>>>>>
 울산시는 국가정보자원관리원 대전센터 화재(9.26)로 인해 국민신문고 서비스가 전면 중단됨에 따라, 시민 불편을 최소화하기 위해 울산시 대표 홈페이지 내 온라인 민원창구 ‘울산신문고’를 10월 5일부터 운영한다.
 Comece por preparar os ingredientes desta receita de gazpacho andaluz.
<<<<<
>>>>>
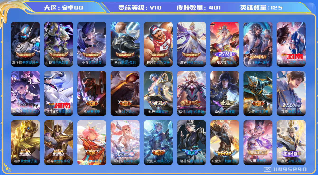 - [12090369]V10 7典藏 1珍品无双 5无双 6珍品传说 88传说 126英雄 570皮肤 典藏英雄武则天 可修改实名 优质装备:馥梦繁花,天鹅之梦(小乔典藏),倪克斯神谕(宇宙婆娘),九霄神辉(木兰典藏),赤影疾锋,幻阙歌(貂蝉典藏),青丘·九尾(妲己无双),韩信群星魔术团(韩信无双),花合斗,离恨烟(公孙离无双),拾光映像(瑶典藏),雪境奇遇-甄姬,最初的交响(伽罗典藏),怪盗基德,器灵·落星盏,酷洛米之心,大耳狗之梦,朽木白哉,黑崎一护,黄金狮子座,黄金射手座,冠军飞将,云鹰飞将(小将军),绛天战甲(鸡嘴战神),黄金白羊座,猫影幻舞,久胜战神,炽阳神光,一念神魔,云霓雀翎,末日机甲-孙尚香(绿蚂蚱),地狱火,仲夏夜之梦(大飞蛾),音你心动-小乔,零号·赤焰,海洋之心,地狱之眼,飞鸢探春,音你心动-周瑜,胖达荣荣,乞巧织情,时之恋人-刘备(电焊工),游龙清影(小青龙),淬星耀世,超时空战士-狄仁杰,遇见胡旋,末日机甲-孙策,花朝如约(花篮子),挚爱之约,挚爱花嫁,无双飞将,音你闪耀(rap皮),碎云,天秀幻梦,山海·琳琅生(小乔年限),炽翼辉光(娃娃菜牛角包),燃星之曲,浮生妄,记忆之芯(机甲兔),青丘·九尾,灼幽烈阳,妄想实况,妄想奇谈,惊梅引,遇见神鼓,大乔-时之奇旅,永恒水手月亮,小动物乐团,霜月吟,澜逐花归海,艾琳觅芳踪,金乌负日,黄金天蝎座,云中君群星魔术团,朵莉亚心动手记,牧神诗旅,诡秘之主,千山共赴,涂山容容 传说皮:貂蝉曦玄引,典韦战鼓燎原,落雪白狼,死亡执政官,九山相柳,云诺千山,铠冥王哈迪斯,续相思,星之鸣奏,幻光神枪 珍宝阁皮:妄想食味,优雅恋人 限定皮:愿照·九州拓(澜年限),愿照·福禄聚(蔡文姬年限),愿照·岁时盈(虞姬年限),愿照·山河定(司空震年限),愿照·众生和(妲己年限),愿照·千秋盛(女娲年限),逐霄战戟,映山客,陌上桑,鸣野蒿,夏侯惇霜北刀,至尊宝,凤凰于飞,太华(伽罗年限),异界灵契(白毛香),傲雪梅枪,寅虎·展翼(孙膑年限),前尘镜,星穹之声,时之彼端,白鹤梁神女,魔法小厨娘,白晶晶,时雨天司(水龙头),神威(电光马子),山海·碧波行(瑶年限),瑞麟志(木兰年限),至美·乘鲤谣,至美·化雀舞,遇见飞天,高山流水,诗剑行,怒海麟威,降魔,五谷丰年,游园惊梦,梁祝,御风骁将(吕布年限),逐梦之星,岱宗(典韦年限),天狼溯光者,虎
<<<<<
>>>>>
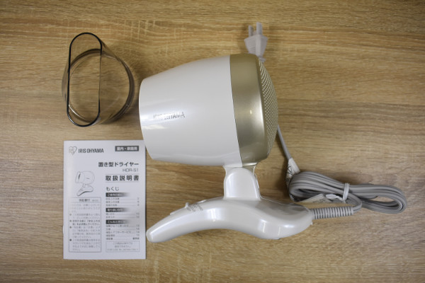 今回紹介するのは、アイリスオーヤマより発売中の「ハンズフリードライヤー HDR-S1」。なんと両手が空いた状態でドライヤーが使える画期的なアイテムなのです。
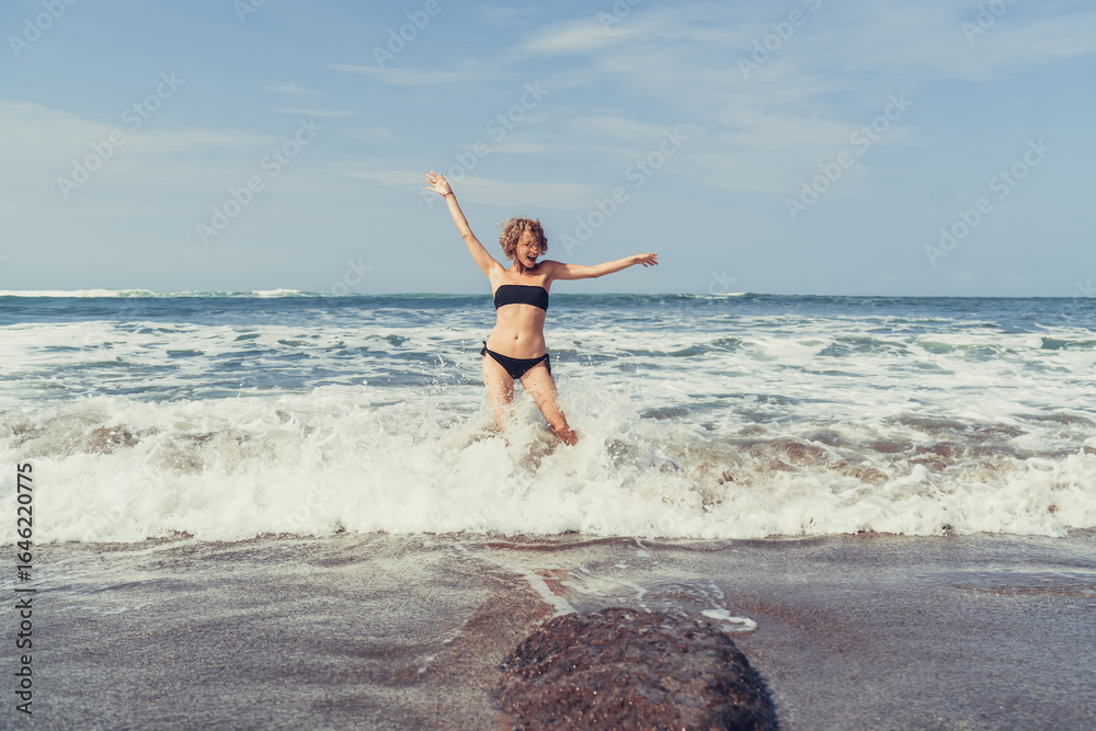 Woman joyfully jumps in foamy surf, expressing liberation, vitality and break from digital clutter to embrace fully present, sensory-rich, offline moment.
<<<<<
Since only part of the listing is wanted, copy exactly the lines from the one holding "울산시는 국가정보자원관리원 대전센터" to the one holding "Comece por preparar", both included.

 울산시는 국가정보자원관리원 대전센터 화재(9.26)로 인해 국민신문고 서비스가 전면 중단됨에 따라, 시민 불편을 최소화하기 위해 울산시 대표 홈페이지 내 온라인 민원창구 ‘울산신문고’를 10월 5일부터 운영한다.
 Comece por preparar os ingredientes desta receita de gazpacho andaluz.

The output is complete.